• **Data under study**:

========================

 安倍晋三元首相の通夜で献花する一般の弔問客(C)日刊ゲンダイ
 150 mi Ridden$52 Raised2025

========================

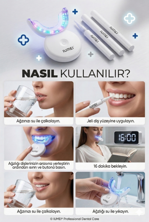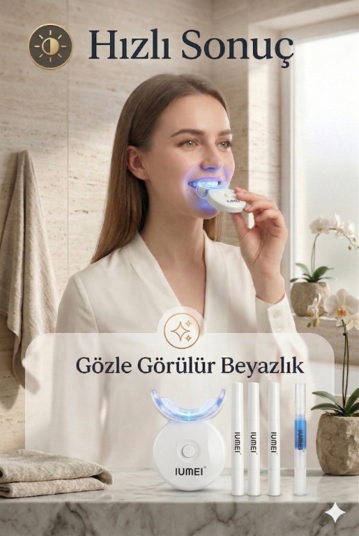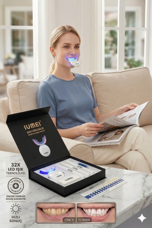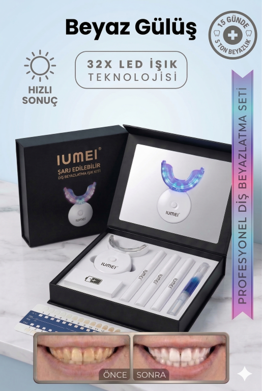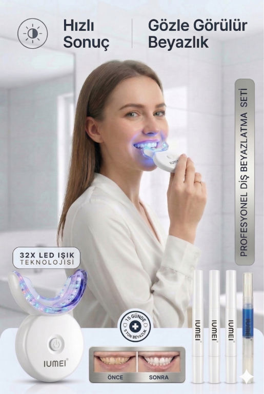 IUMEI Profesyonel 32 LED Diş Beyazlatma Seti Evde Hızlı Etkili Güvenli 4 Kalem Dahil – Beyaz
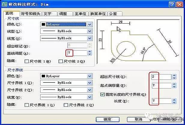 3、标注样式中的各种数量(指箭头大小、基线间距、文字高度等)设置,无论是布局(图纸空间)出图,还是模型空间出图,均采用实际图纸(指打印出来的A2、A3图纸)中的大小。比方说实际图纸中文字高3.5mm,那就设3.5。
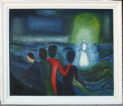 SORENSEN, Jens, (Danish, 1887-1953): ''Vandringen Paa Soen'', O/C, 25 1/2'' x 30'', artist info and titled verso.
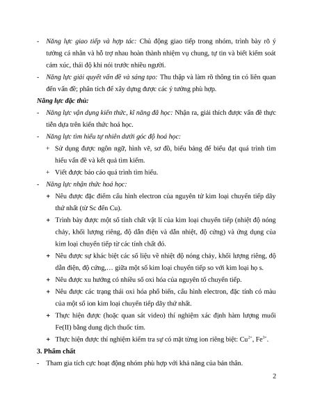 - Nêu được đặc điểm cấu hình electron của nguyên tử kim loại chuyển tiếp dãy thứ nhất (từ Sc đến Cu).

========================

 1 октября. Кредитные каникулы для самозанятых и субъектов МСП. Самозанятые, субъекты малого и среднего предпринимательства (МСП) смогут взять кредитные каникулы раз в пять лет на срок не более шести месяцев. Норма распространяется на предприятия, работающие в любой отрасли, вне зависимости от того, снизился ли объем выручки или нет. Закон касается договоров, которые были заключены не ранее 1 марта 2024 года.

========================

• **What the exercise asks**: Above are some lines. Repeat exactly, and only, those from the line that has "安倍晋三元首相の通夜で献花する一般の弔問客(C)日刊ゲンダイ" through the line that has "150 mi Ridden$52 Raised2025".

• **Answer**:
 安倍晋三元首相の通夜で献花する一般の弔問客(C)日刊ゲンダイ
 150 mi Ridden$52 Raised2025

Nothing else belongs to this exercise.